Axios reported on Friday that Trump wanted to leave the WTO, a story dismissed by US Treasury Secretary Steve Mnuchin as “wrong” and “an exaggeration”. Photo: Reuters

It would also allow “reciprocal tariffs”, so Trump could impose US tariffs on particular goods equal to the tariff charged on US exports of those goods by another country.

The draft bill published by Axios did not mention the WTO, but its report said the law would allow the United States to disregard tariff limits agreed at the WTO since 1995.

Axios quoted a source familiar with the bill as saying the bill was “insane” and Congress would never consent to it.

While the US can exit the WTO, it’s uncertain whether Trump could do so without approval from Congress, where many lawmakers - including Republican proponents of free trade - would likely put up a fight.

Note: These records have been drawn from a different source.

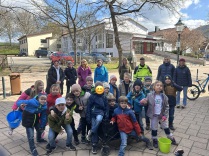 Am letzten Schultag vor den Osterferien zogen die Kinder der Fuchsklasse in kleinen Gruppen durchs Dorf. Ausgestattet waren sie mit Bollerwagen, Eimern, Müllsäcken und Müllzangen. Ein gemeinsames Ziel stand im Mittelpunkt: Eisental von unachtsam weggeworfenem Müll zu befreien. Nach etwa einer Stunde Sammelzeit kam einiges an Unrat zusammen.
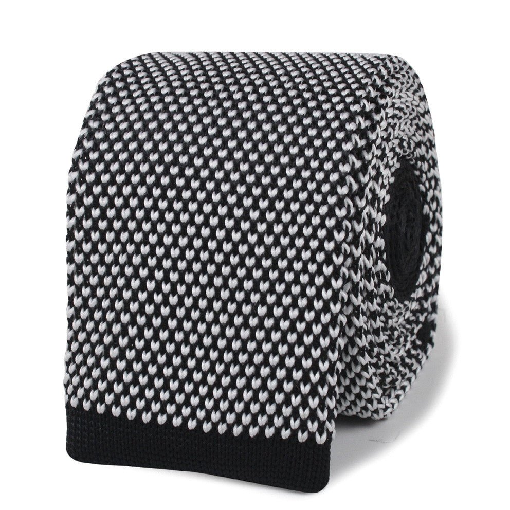 Emanating a sense of timeless appeal, this Bennett-inspired knitted tie boasts inherently classic features. The black and white tones offer a timeless duet that will pair harmoniously with a myriad of different hues.
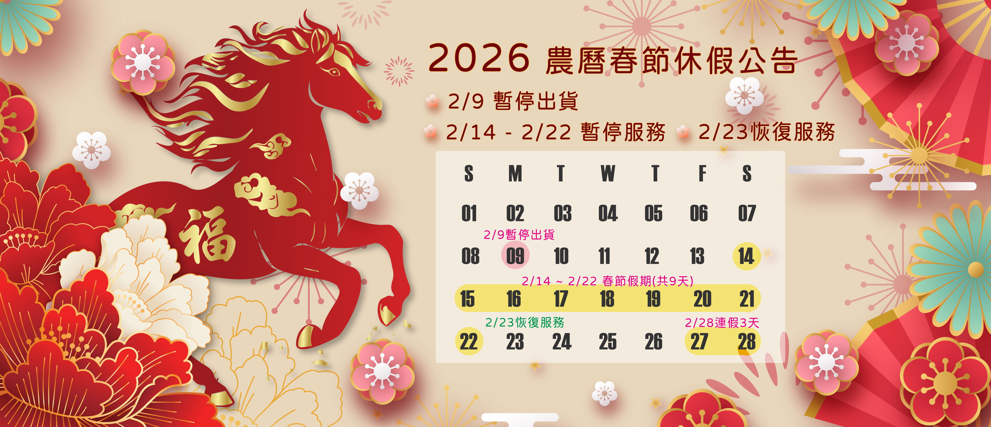 ◆ 2/14(六) ~ 2/22(日) 農曆春節期間(共9天),暫停服務。
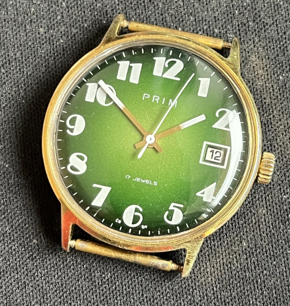 Prodám hodinky Prim typové označení 68 404 3 pozlacené, zelený čísleník s velkými ciframi a datumem. Stav viz foto, hodinky funkční, po servisu. Posílám ZÁSILKOVNOU.
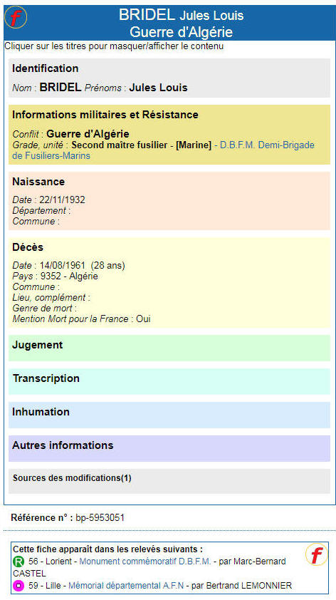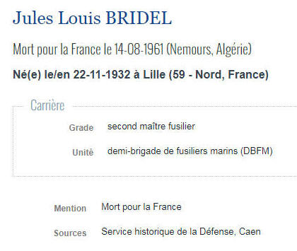 à LILLE (Nord) - Décédé le 14 août 1961 à NEMOURS (Algérie)
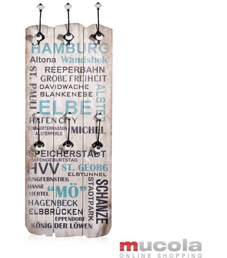 Melko - Porte-manteau mural avec 6 patères et motif en bois
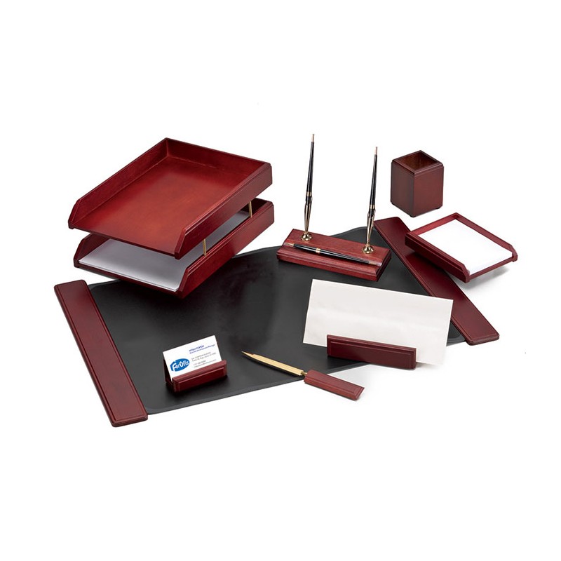 Set de birou din lemn, un model practic si elegant. Setul contine 8 elemente: set compus din 2 tavite pentru documente, un cub de hartie cu suport, un deschizator de plicuri, un suport pentru doua stilouri, un suport pentru plicuri, un suport pentru carti de vizita, un suport pentru instrumente de scris, o mapa de birou. Dimensiunile mapei de birou sunt urmatoarele: 66x43.5 cm. Setul de birou este disponibil in culoarea visiniu.
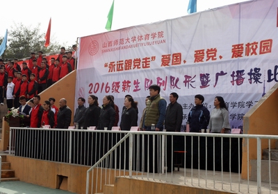10月30日下午两点德赢在灯光篮球场举办了以“永远跟党走,庆祝建党95周年、红军长征胜利80周年”为主题的2016级新生队列队形暨广播体操比赛。院党委书记李学刚老师、副书记段东升老师及各职能部门负责人出席了本次活动。
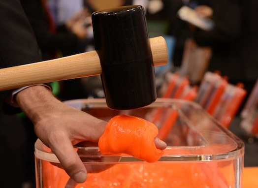 好多時經過測試會讓你在買產品時更有信心,一間公司 Tech 21 宣傳新保護套的代表就做了一個令人驚訝的測試,他站在一桶橙色的黏性物體旁,拿起一小部分軟軟的黏性物體 (如泥膠) 包裹自己的手指,然後用槌子狠狠的打下去,手指當然完好無缺啦! 這軟軟的物體能吸收撞擊力,Tech 21 就用了這物料造保護殼,相信大家對它的保護功能都有信心,不過小妹好奇這樣的物料應該可有更大的發展吧?不知道將來可會用它製車、電單車頭盔等呢。 詳情: Pop Sci
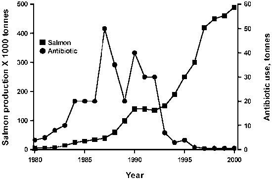 Antibiotics are used in aquaculture as prophylactics, as growth promoters and in the treatment of diseases. Prophylactic use of antibiotics is defined as the administration of antibiotics in advance of disease occurrence and this is a common practice in shrimp hatcheries in Asia to reduce the incidence of diseases (GESAMP, 1997). A recent review (Graslund and Bengtsson, 2001) report the widespread prophylactic use of antibiotics in both shrimp hatcheries and in shrimp ponds in Southeast Asia. Antibiotics are usually administered in aquatic feeds and most commercial shrimp feeds contain antibiotics (Flaherty et al., 2000). In contrast, antibiotics are not used either as prophylactic agents or as growth promoters in temperate water aquaculture production in Europe and North America (Alderman and Hastings, 1998). In recent years the use of antibiotics has fallen dramatically in the farmed salmon industry in Norway form about 50 tonnes to less than one tonne annually (Figure 5.17). This is largely as a result of the successful development and use of vaccines against the principle fish pathogens (Alderman and Hastings, 1998).

Trump was briefed on the draft in late May, Axios said, and most officials thought it was unrealistic or unworkable, apart from Trump’s trade adviser Peter Navarro.

White House spokeswoman Lindsay Walters told Axios that the administration was not preparing to roll out such legislation.

Still, it immediately drew ridicule.

There were debates about whether the name of the act was intentional, while internet users responded with jokes, memes and even poetry.

Don Moynihan, a professor of government at Madison University in Wisconsin, noted that Trump might struggle to get the world to take his policies seriously given the naming snafu.

He wrote on Twitter: “‘The world is laughing at us,’ says Trump, before proposing the FART Act (Fair and Reciprocal Tariff Act).”

Journalists delighted in the name, while others suggested it could be a subtle act of rebellion from a disillusioned staff member.

One of the few engaging with the substance of the bill, and not just its packaging, was Anthony “The Mooch” Scaramucci, Trump’s short-lived former director of communications, who said that asking American consumers to pay for tariffs “stinks”.